▶ Goal of the exercise:
Please return the records below exactly as they stand, with the pictures removed.
*** Supplied data Section Begins ***
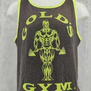 Gold's Gym Tank Top Mens Large Gray Neon Yellow Muscle Graphic Made USA Workout
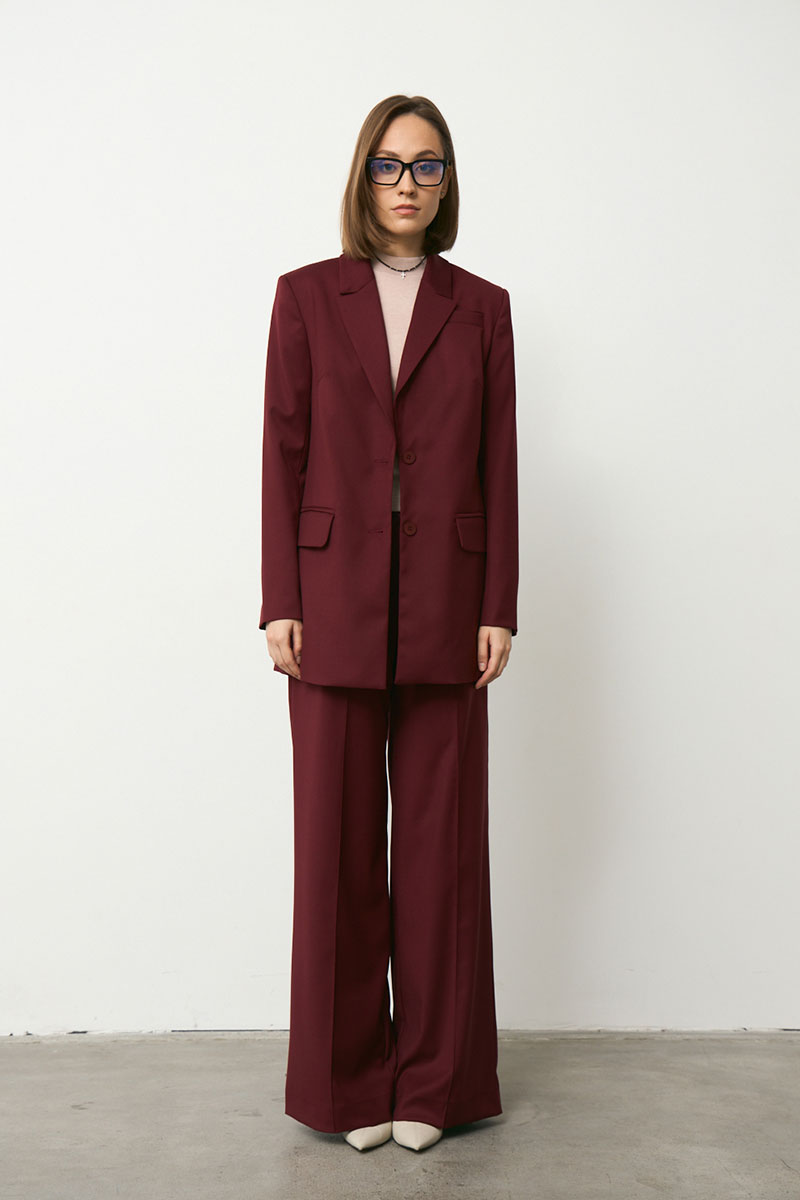 Жакет прямого силуэта, длиной до линии бедер с втачными рукавами до запястья, с воротником пиджачного типа. Застежка центральная на две прорезные петли и пуговицы. На деталях переда обработаны прорезные карманы в рамку с клапанами. На левой детали переда в области лацкана обработан прорезной карман-обманка с листочкой. Спинка с рельефами и средним швом. Изделие на подкладке.
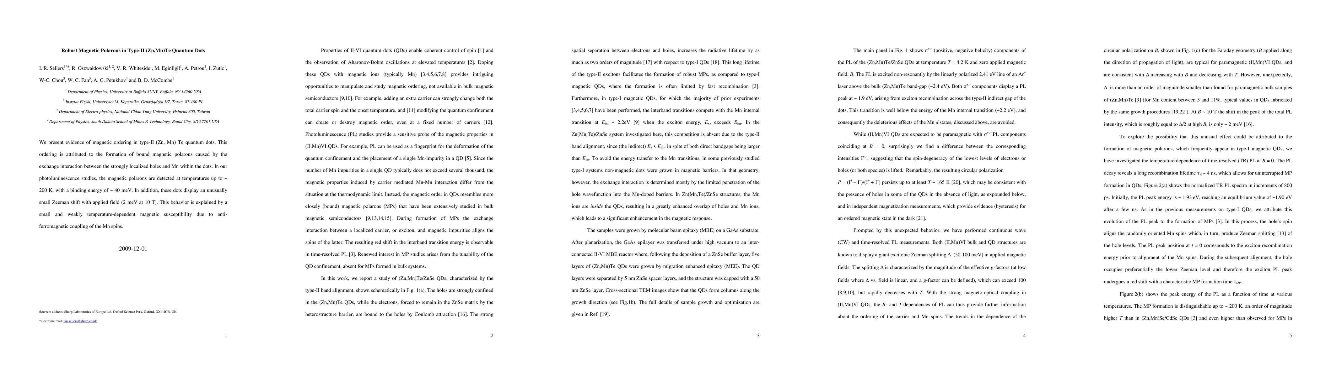 This study reveals magnetic ordering in type-II (Zn,Mn)Te quantum dots, attributed to the formation of robust magnetic polarons via exchange interaction between localized holes and Mn. These polarons exhibit stability up to 200 K and a small Zeeman shift, indicating anti-ferromagnetic coupling of Mn spins.
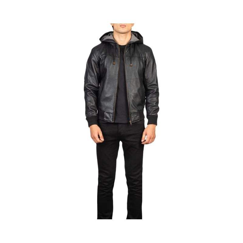 Veste en cuir à capuche
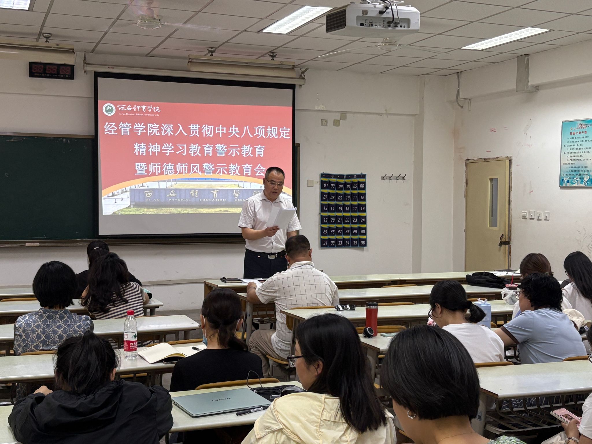 为深入贯彻落实中央八项规定精神,进一步强化师德师风建设,今年会官方网站体育经济与管理学院于5月21日下午,在含光校区新教学楼102教室召开了经管学院警示教育暨师德师风警示教育会,学院全体教职工共同参与教育活动。
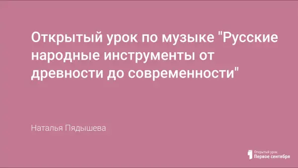 Урок способствует формированию знаний в области истории русских народных инструментов, развивает творческие способности и воображение, воспитывает патриотические чувства. Материал подобран в соответствии с методическими рекомендациями и с учетом возрастных особенностями учащихся.
*** Supplied data Section Ends ***
▶ Solution for this problem:
 Gold's Gym Tank Top Mens Large Gray Neon Yellow Muscle Graphic Made USA Workout
 Жакет прямого силуэта, длиной до линии бедер с втачными рукавами до запястья, с воротником пиджачного типа. Застежка центральная на две прорезные петли и пуговицы. На деталях переда обработаны прорезные карманы в рамку с клапанами. На левой детали переда в области лацкана обработан прорезной карман-обманка с листочкой. Спинка с рельефами и средним швом. Изделие на подкладке.
 This study reveals magnetic ordering in type-II (Zn,Mn)Te quantum dots, attributed to the formation of robust magnetic polarons via exchange interaction between localized holes and Mn. These polarons exhibit stability up to 200 K and a small Zeeman shift, indicating anti-ferromagnetic coupling of Mn spins.
 Veste en cuir à capuche
 为深入贯彻落实中央八项规定精神,进一步强化师德师风建设,今年会官方网站体育经济与管理学院于5月21日下午,在含光校区新教学楼102教室召开了经管学院警示教育暨师德师风警示教育会,学院全体教职工共同参与教育活动。
 Урок способствует формированию знаний в области истории русских народных инструментов, развивает творческие способности и воображение, воспитывает патриотические чувства. Материал подобран в соответствии с методическими рекомендациями и с учетом возрастных особенностями учащихся.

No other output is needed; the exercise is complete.